お前達に何が出来ると説得しようとする風祢を逆に説得し、彼らはありったけの知恵を搾り出して実行にうつし出す。







全ては、皆で生き延びる為に







そして――







『……今、自分達が何をするべきかを改めて考え直せ』








それは霄太師の言葉。





周囲を頼ろうとし、自分で考え動く事を知らず知らずの内に拒否してしまった自分達を彼は激しく叱咤した。





恥かしかった




そして自分自身に怒りを覚えた。







そうして誓ったのだ。






次に霄太師の前に赴く際には、自分で考えられる存在になろうと。






それがどの様な有事の時であっても






何故なら、それは自分達の本業――武官として最も必要なことでもあるからだ。





言われなければ何も出来ない




それでは物言わぬ人形と同じである





二大将軍が統治する軍はそんな人材は望んでいない。





常に何をするかを、何を出来るかを慎重に考え判断する事は、武術の腕を磨く事以上に求められている。

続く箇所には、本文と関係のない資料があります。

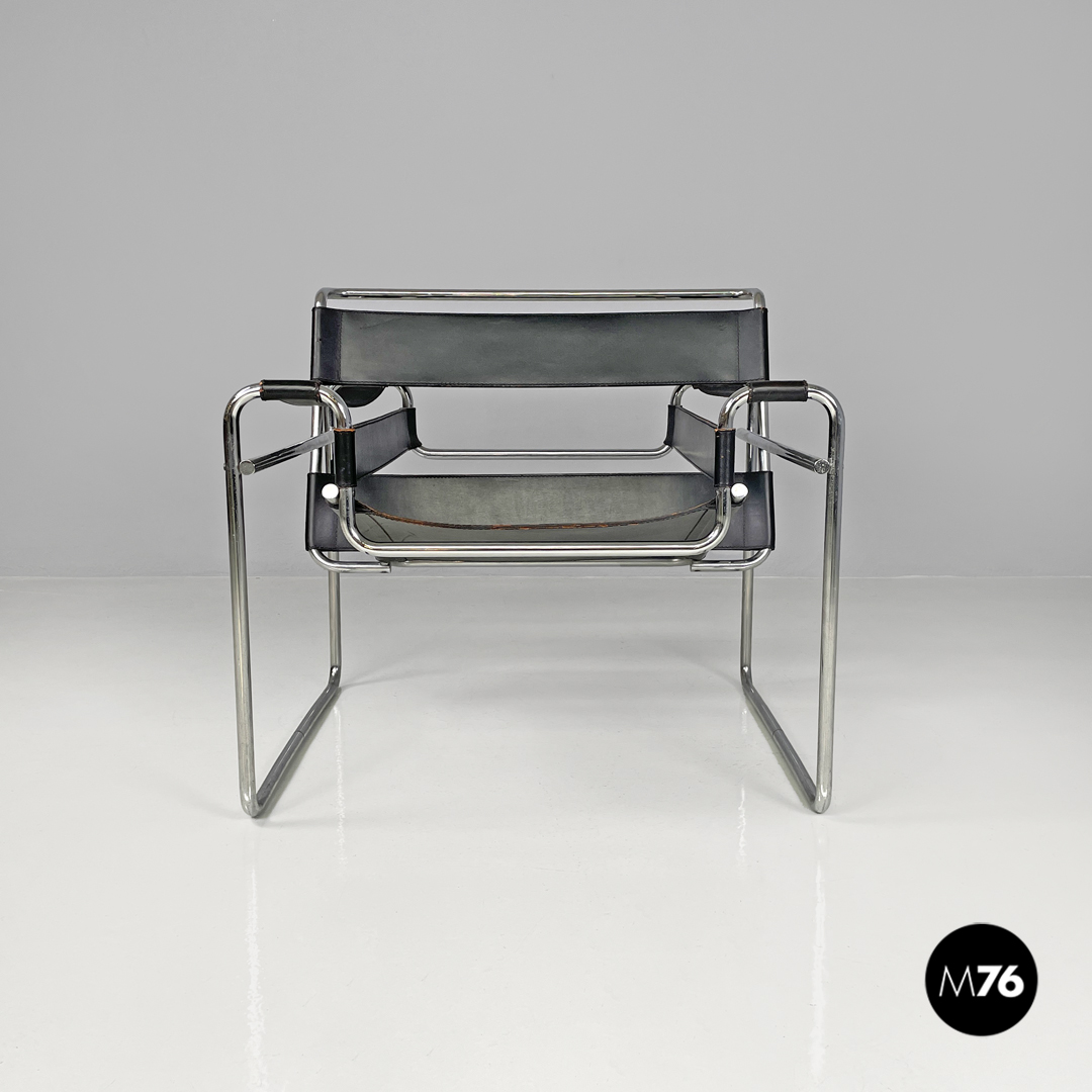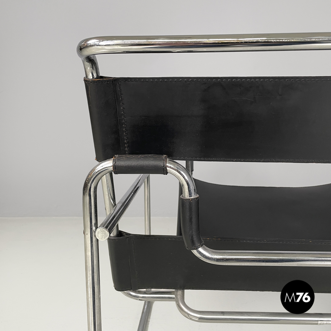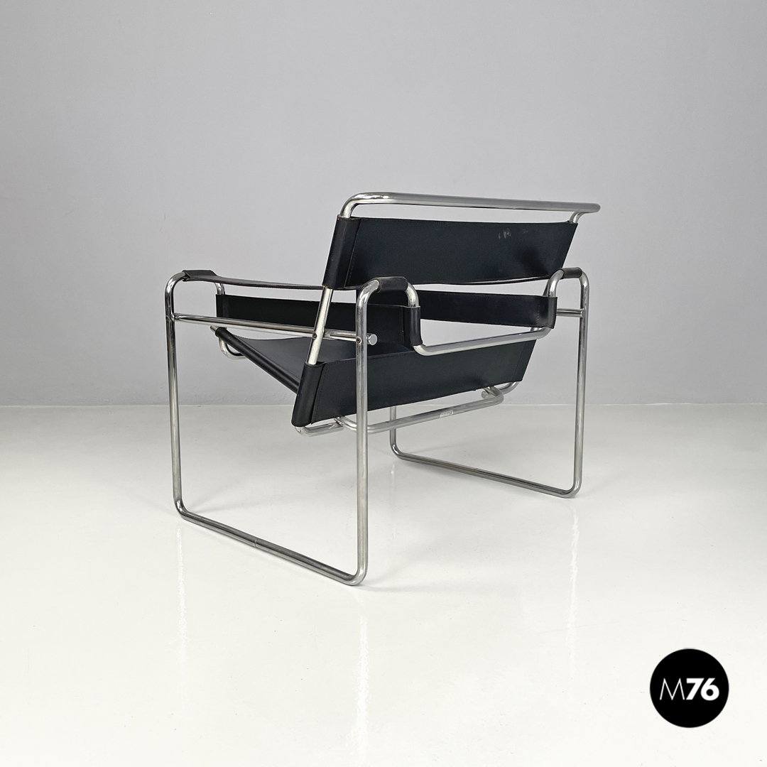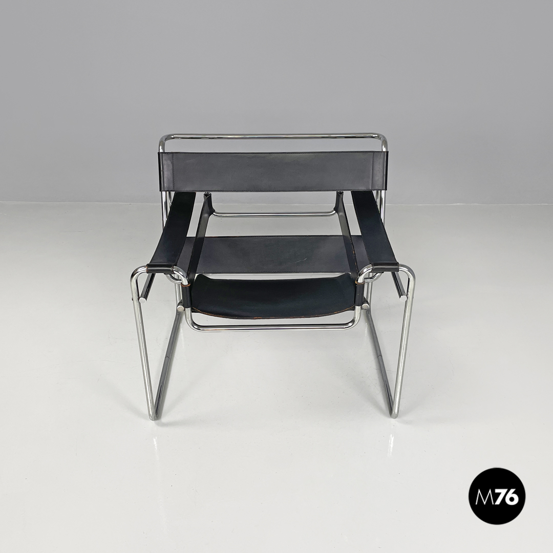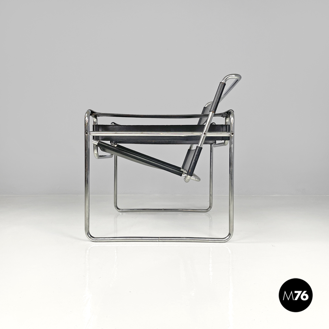 Poltrona modello Wassily o B3, con struttura in tubolare di acciaio cromato. La seduta, i braccioli e lo schienale sono composti da fasce interamente in pelle di colore nero con cuciture a vista.
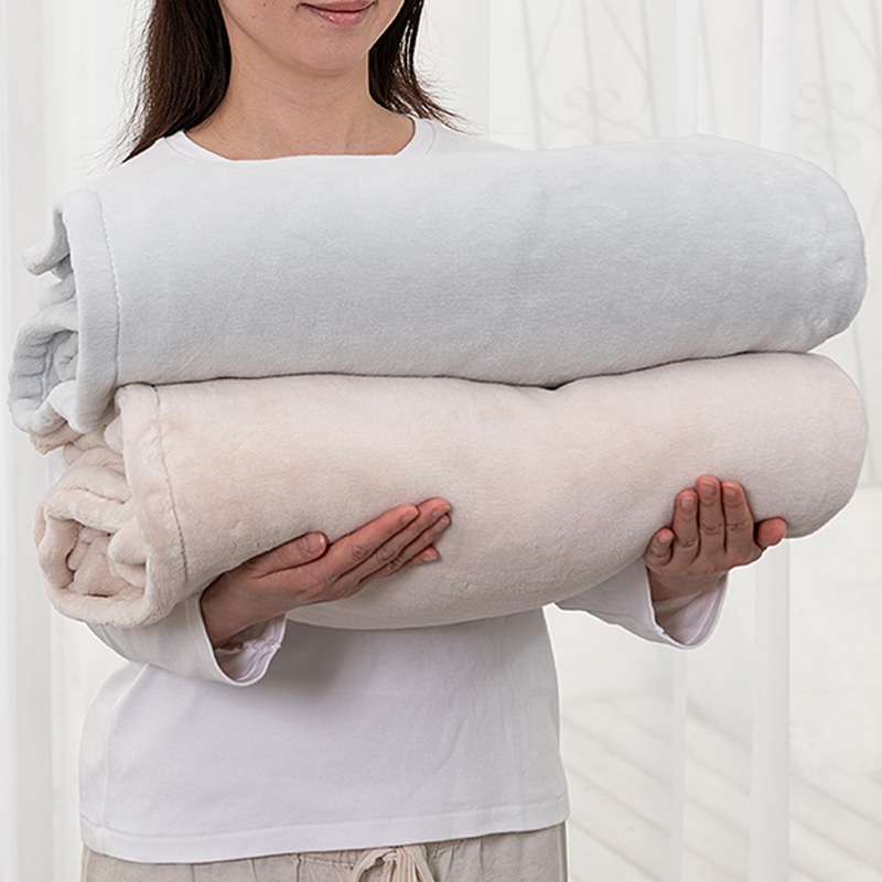 「冬場、羽毛布団で寝ると汗ばんでしまう」という方は、ぜひ布団の内側にこの綿毛布を。汗を吸収し、優しい温もりを感じられます。【日本製(泉大津)の綿毛布】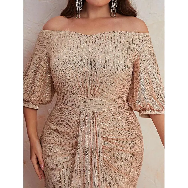 Women's Plus Size Off Shoulder Ruched Sequin Formal Dress Elegant Prom Evening Wedding Guest Gown For Graduation Dinner Womenswear Workwear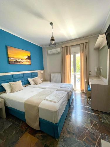 Das Aphrodite Vatera Hotel zählt derzeit zu den attraktivsten und modernsten und Hotels auf Lesbos. Es liegt direkt am Strand an der Küste von Vatera, dem beeindruckendsten Strand von Lesbos mit über 10 km Länge. Die klimatisierten Zimmer sind sehr gut eingerichtet und genießen einen Blick aufs Meer oder die Berge. Das hoteleigene Restaurant serviert Ihnen köstliche traditionelle Gerichte. Ein beliebter Ort für Genießer ist auch die wunderbare Taverne des Hotels, die sich im Freien am Meer befindet.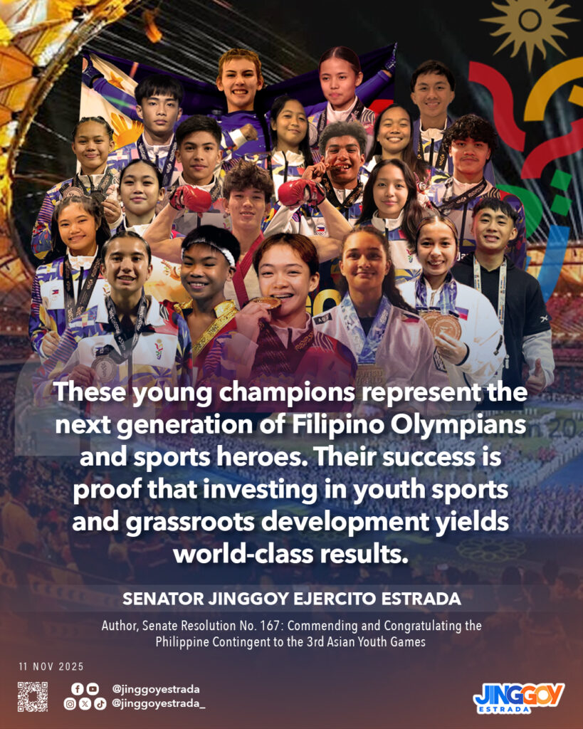FOR finishing 12th overall in the just-concluded Asian Youth Games 2025 in Bahrain with a total of 24 medals — seven gold, seven silver, and 10 bronze, Senator Jinggoy Ejercito Estrada is seeking commendation for the 141-strong Philippine delegation for delivering the country’s biggest medal haul and best-ever performance in the continental sports event.

そう、自分達は武官として最も大切な事の一つを放棄してしまっていたのだ。




これでは、霄太師に叱られても仕方ない。





武官、いや、一人の人間としても失格だろう。








けれど、同じ間違いは二度としない。






自分達で為すべき事を考え判断し、実行していくのだ。







そして自分達は決めた。







全員で無事に生き残ると。







実際問題として、それが叶う確率はかなり少ないだろう。







けれど、願うならば最後の最後まで自分達は戦う。



もし駄目ならば風祢達だけでも逃がせばいいから。
駄目ならば、一人でも多くの者を逃がす準備も勿論しておく。




でなければ、『何かをやる時にはあらゆる事態を考えて動けっつったろ!!』と二大将軍に怒られる。


また、『自分達で為すべき事を考えろとは言ったが、それで全滅してれば唯の馬鹿だ』と霄太師にも呆れられるだろう。


そうなりば、死んでも死に切れない。死んでも顔向けできない。






ってか、勿論最初から死ぬ気はない







そして彼らは全力を尽くす。









万が一にも、その願いをこの手に掴み取る為に








それは誰かに強制されたのではない、自分達の心からの願い







だから……彼らは知らなかった。